Right around now, in mid-December, we’re beginning to see all sorts of reflections on the year in tech. It’s always a fun time, with sites ranging from independent blogs to major publications outlining some of the biggest events, releases, gadgets, and programs of the year. And all of this always comes with at least a few meaningful looks back at the best apps. Apple recently released its top apps of 2018, Google unveiled the same, and there will probably be similar lists coming out just about every day from now until, and even into, early January.
Rather than offer up another in this deep list of app reflection pieces, I wanted to look ahead and wonder what apps we’ll be talking about a year from now. What can we project, in other words, to be the best apps of 2019 that will populate all of these lists next December? There’s inherent uncertainty in asking this question, but I took a few stabs at it.

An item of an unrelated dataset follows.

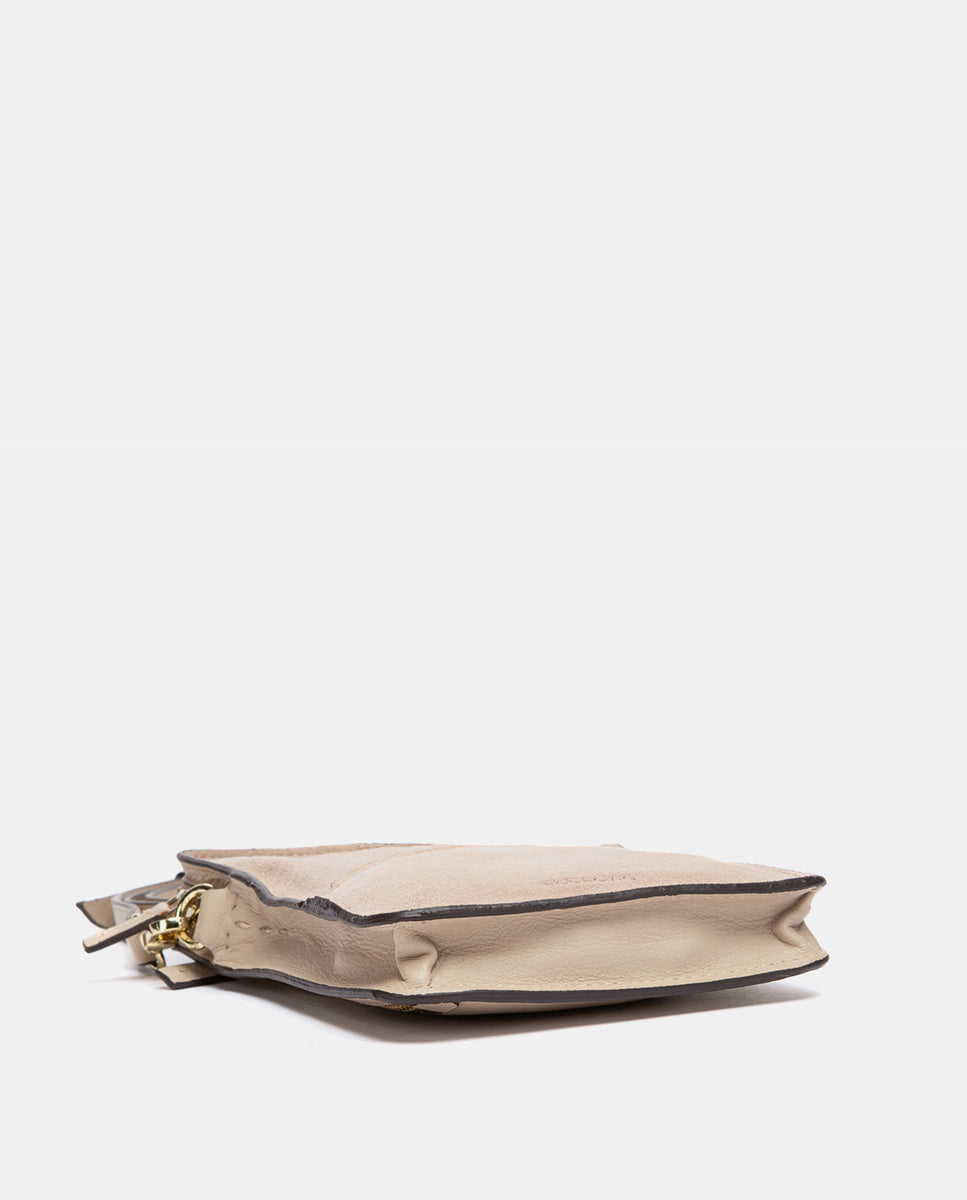 Bolso para móvil en piel y serraje beige

Harry Potter: Wizards Unite
It’s hard to predict hits in gaming, as they can come out of nowhere, and sometimes even sequels to popular games can flop. Furthermore, while “Harry Potter” tends to be a code for automatic success, the most recent attempt at a major Harry Potter mobile game – while still widely downloaded – was somewhat disappointing. This time around though, the forthcoming game seems like a surefire hit. Said to resemble the global sensation Pokémon GO in how it uses augmented reality, the game will come from Niantic and WB Games, and will essentially allow us to perform spells and interact with magic in the real world. With a plot that hints at having to protect the wizarding world from some danger, this game is going to rope in millions upon millions of players.
Vero actually already exists, so perhaps it’s not entirely proper to list it as a contender for the best apps of 2019. However, if it’s ever going to hit, it will probably be in the coming year. Vero was identified in a piece on three social media platforms to watch as the main contender to Instagram, which basically means it’s up against an absolute behemoth already. However, social apps come and go (Snapchat is already losing ground), and Vero tends to get rave reviews from anyone who uses it. Differentiated from Instagram primarily by its “collections” tab (which divides your app content into categories for you), it’s a smooth, high-performance option that is there to pounce if and when its competitors start to fade or grow dull.

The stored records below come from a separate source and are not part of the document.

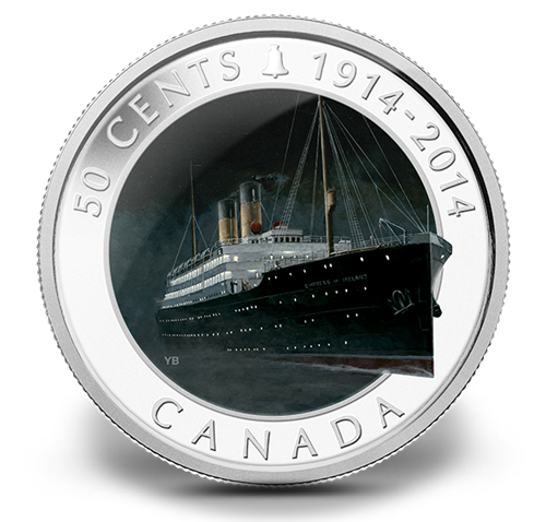 • Your coin commemorates the 100th anniversary of the loss of RMS Empress of Ireland as itrecreates the conditions leading up to the worst disaster in Canadian maritime history
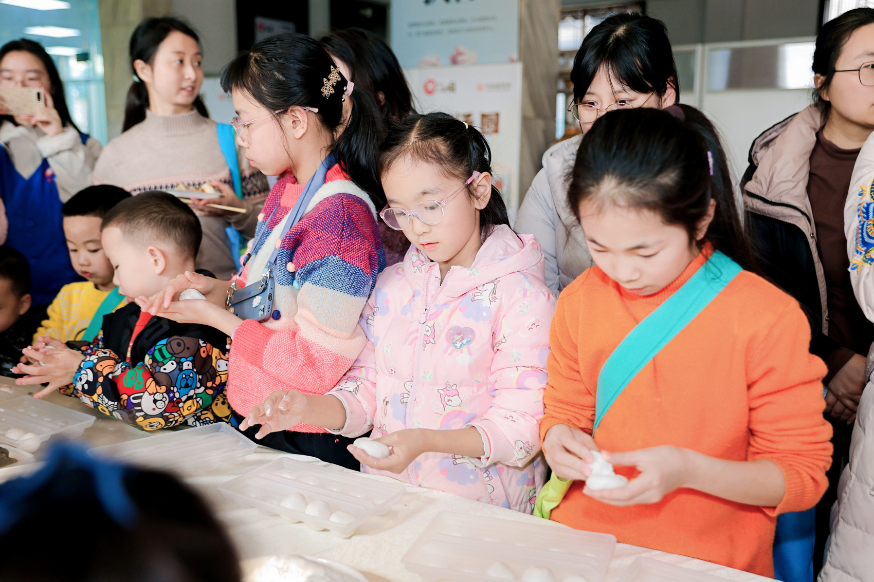 小小体验官们在师傅指导下,认真包汤圆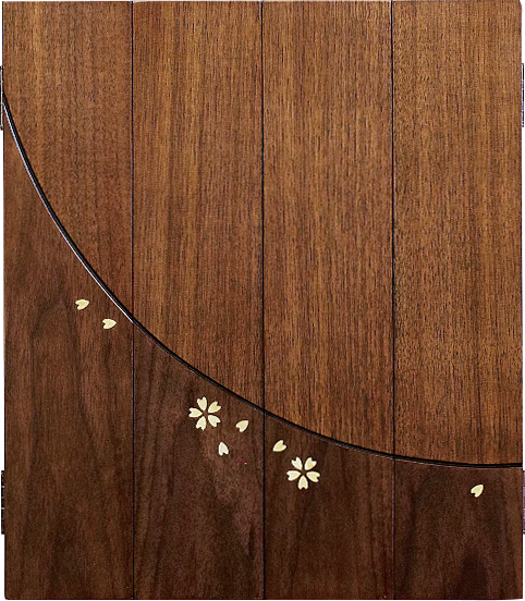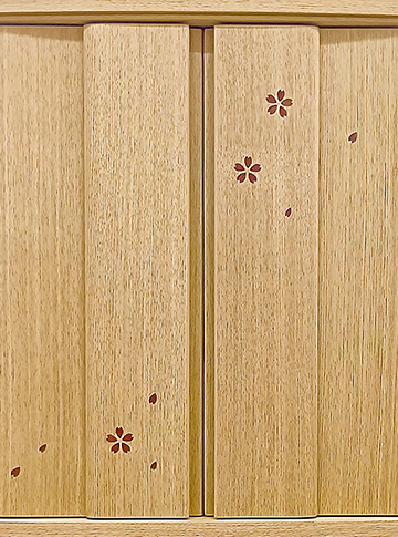 桜の象嵌が黒檀の扉に優美なアクセントを添えます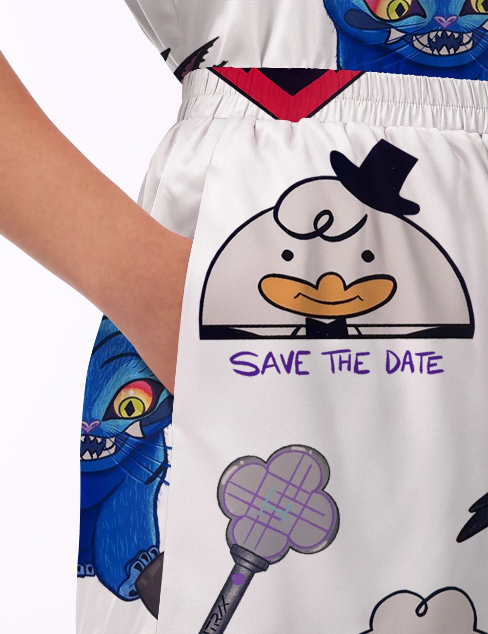 • Coquette Cartoon Reading Satin Pajama Set For Women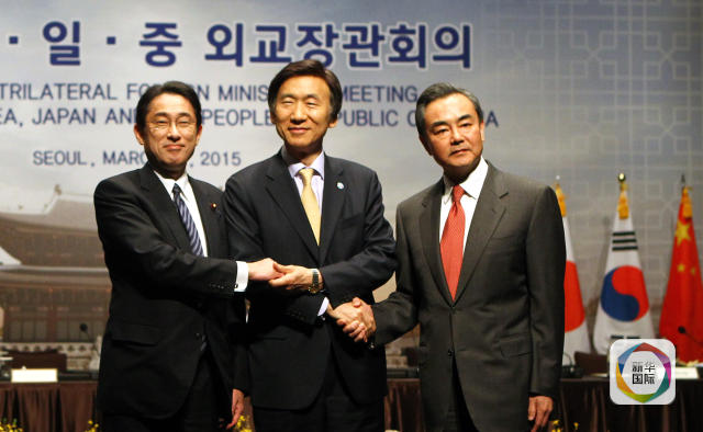 2015年3月21日,中国外交部长王毅(右)与韩国外交部长尹炳世(中)、日本外相岸田文雄在第七次中日韩外长会前合影。 (新华社记者姚琪琳摄)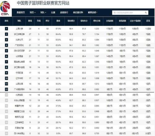 CBA最新排名!上海男籃一枝獨(dú)秀,廣東第四北京險(xiǎn)勝遼寧山東止敗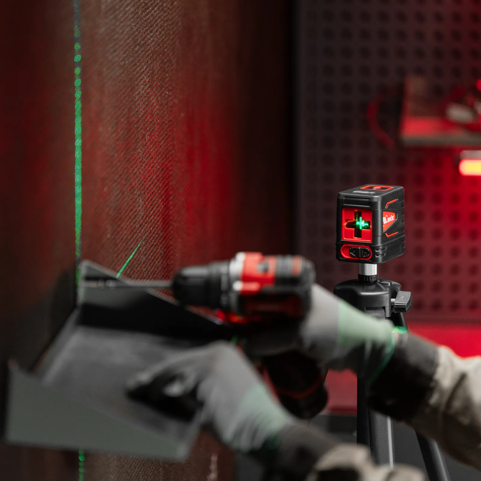 Лазерный уровень MTX QBC GREEN Pro SET поставляется со штативом, работает от батареек AA и проецирует горизонтальную и вертикальную линии на расстояние до 20 м при помощи зеленых лучей длиной 520 нм. Предназначен для проведения разметки поверхностей и выравнивания предметов при проведении строительных и ремонтных работ. С его помощью можно выполнить внутреннюю отделку помещений, смонтировать подвесные потолки, установить розетки и выключатели, шкафы и стеллажи, повесить полки и картины и т.д. Погрешность составляет ±0,3 мм/м, что обеспечивает высокую точность разметки. Прибор можно использовать не только в помещении, но и на улице — зеленый луч хорошо виден даже под открытым небом.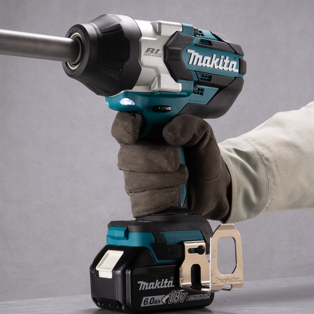 Equipped with a long anvil and a 19mm (3/4") square drive featuring a C ring with a hole, making it ideal for heavy-duty fastening tasks. Designed for maximum control and efficiency, it offers variable speed control via the trigger and an electronic 4-stage impact power selection, allowing users to tailor power and speed to the application. The Full Speed Mode enables the tool to reach maximum speed with reduced trigger pull effort, helping to reduce user fatigue during prolonged use. Constant speed control maintains stable torque throughout the battery charge (excluding reverse and maximum forward rotations), ensuring consistent performance. Additional features include twin LEDs with pre-glow and afterglow for improved visibility in low-light conditions.

This is another app that already exists, though it can only be used in places where sports betting is legal. This, incidentally, is why it makes the list. Already listed among the recommended bookmakers in the U.S., despite the fact that the country is only just starting to legalize betting on a state-by-state basis, DraftKings Sportsbook is perhaps uniquely suited to capture the American betting public. It stands to reason that a significant proportion of the U.S. residents who will be interested in legal sports betting are those who have already been playing daily fantasy sports on sites like DraftKings. Thus, this app can serve as a platform that’s already trusted, and now ready to welcome billions of dollars of fresh business.
Blizzard Entertainment’s Diablo series is already quite popular in the console realm, but this forthcoming installment is meant for mobile games, and multiplayer combat as well. It’s going to be an action-packed RPG with hack-and-slash elements, and it looks as if it’s going to be absolutely gorgeous. Console-mobile crossovers are nothing new, but this is a particularly big title being presented in mobile-exclusive form, so it’s likely to be a fairly significant addition to the gaming market. It won’t be a surprise if it’s just behind Wizards Unite as one of the most popular games of the coming year.

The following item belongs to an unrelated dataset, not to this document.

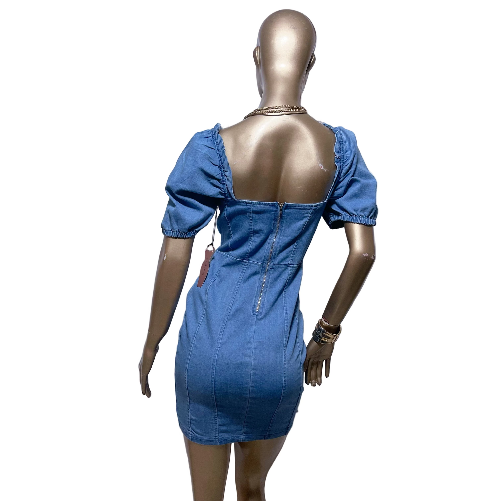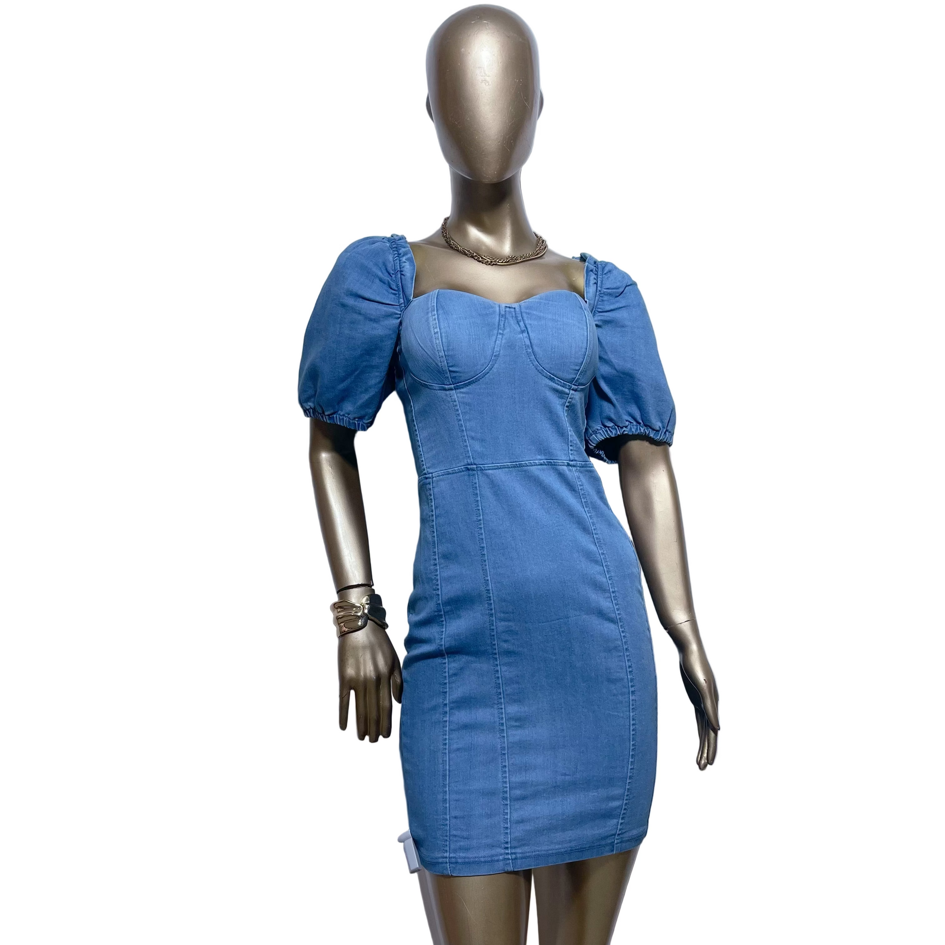 Vestido corto de mezclilla marca Haute Monde, con diseño ajustado y femenino. Cuenta con escote estilo corset con copas marcadas, que realza la silueta, y mangas abullonadas con puño elástico, aportando un aire romántico y moderno. Su confección en denim ligero le da un toque juvenil y versátil, ideal para diferentes ocasiones.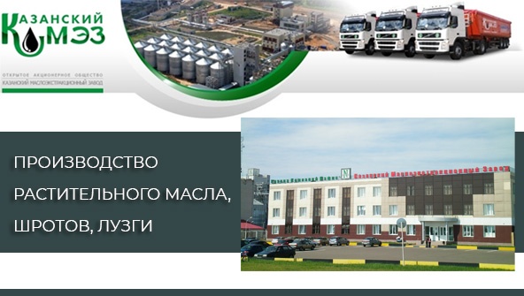 |  Вы хотите привлечь к себе внимание клиентов и получать регулярно прибыль? У нас есть выгодное предложение для Вас! | | | | | | АО Казанский маслоэкстракционный завод – это отличная возможность приобрести качественную продукцию от завода, занимающегося переработкой масличных культур. | | | | | Нашей продукцией является: • Шроты масляные и рапсовые • Масло подсолнечное и рапсовое нерафинированное • Лузга подсолнечника | | | | Наше предложение будет актуальным и выгодным для КФХ, фермерских хозяйств, птицеферм и птицефабрик, животноводческих хозяйств, сельскохозяйственных предприятий. | | | | | Более подробно познакомиться с нашей продукцией вы можете на сайте:  | | | | | | Почему именно нашу продукцию необходимо покупать? Удобно • Быстрая доставка | | | | | • Мы предлагаем всем компаниям услуги собственного автотранспортного предприятия Надежно • Участие в профессиональном дегустационном конкурсе «Премия ВНИИЖ» • Участие в международном смотре качества масложировой продукции Выгодно • Низкие цены Многие у нас заказывают данную продукцию по привлекательным ценам и увеличивают свою прибыль, поторопитесь и Вы оформить заявку!  | | | | |

Disney+ could be one of the biggest developments on the entire internet in 2019, if all goes according to Disney’s plans. The service is preparing to give Netflix a run for its money by offering digital streaming of a massive amount of Disney and Disney-related original content. Already, original content such as a live-action Marvel series about Loki and a prequel series to Star Wars: Rogue One have been announced, to say nothing of the library of existing Disney films and shows we’re expected to gain access to. It’s not going to be a Netflix killer, as some have suggested, but it might become the preeminent streaming service’s primary competitor almost as soon as it’s released.